What's the actual cost of severity inflation across a 6-month backlog?
Been thinking about this a lot lately and I don't see it discussed enough.
Everyone talks about severity inflation as an annoyance engineers file everything Critical, the priority column becomes noise, PMs re-rank manually before every sprint. Frustrating, sure. But the actual cost runs deeper than lost time in sprint planning.
Here's what I think is actually happening over 6 months of inflated priorities:
You're shipping the wrong things. When everything is Critical, nothing is. The bugs that actually hurt paying customers the ones that silently corrupt data, that block key workflows, that churn enterprise accounts get lost in a sea of P1s filed by engineers who just wanted their ticket looked at.

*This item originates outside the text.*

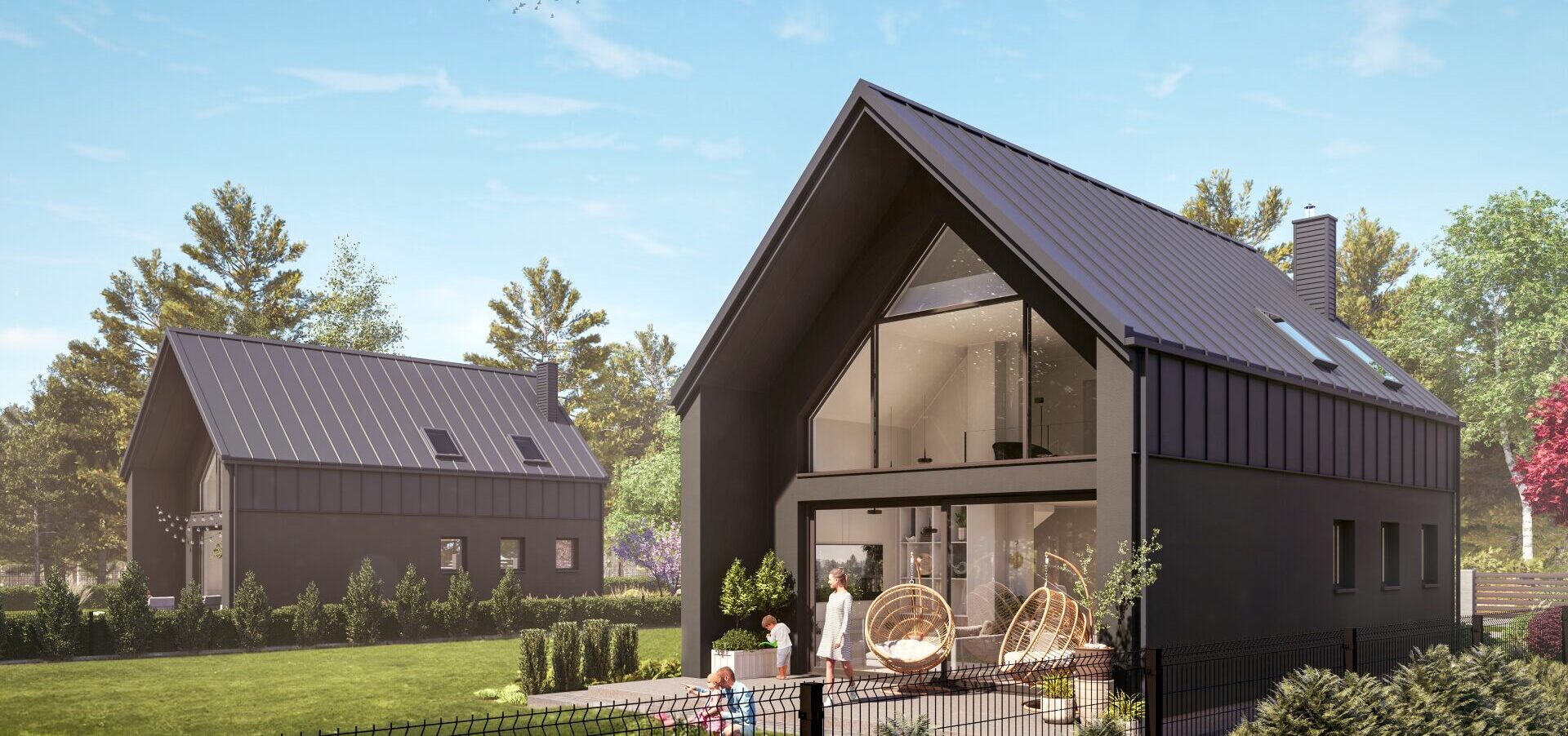 Szwajcaria Dylewska to zamknięte, kameralne osiedle, składające się z czterech nowoczesnych domów w nowoczesnej zabudowie typu stodoła. Projekt zachwyca nie tylko estetyką formy budynków, ale również ich kolorystyką, świetnie wpasowującą się w otaczającą przyrodę. Połączenie nowoczesnej architektury z naturalnym krajobrazem tworzy harmonijną przestrzeń idealną do życia w zgodzie z naturą.

Your backlog stops being a planning tool. After a few sprints of political triage, the backlog reflects who complained loudest, not what matters. At that point it's not a backlog it's a graveyard with bad metadata.
Stakeholder trust erodes. Sales stops believing the PM's priority calls because they've seen them get overridden. Engineering stops caring about severity labels because they know they're meaningless. Everyone stops using the system as intended and starts working around it.
The compounding effect: each sprint of bad triage makes the next one harder. You inherit the previous sprint's inflated backlog on top of new tickets. The signal-to-noise ratio gets worse over time, not better.
Curious if anyone has tried to actually quantify this, either the time cost or the downstream impact on retention or churn. Or is this just something teams accept as background noise?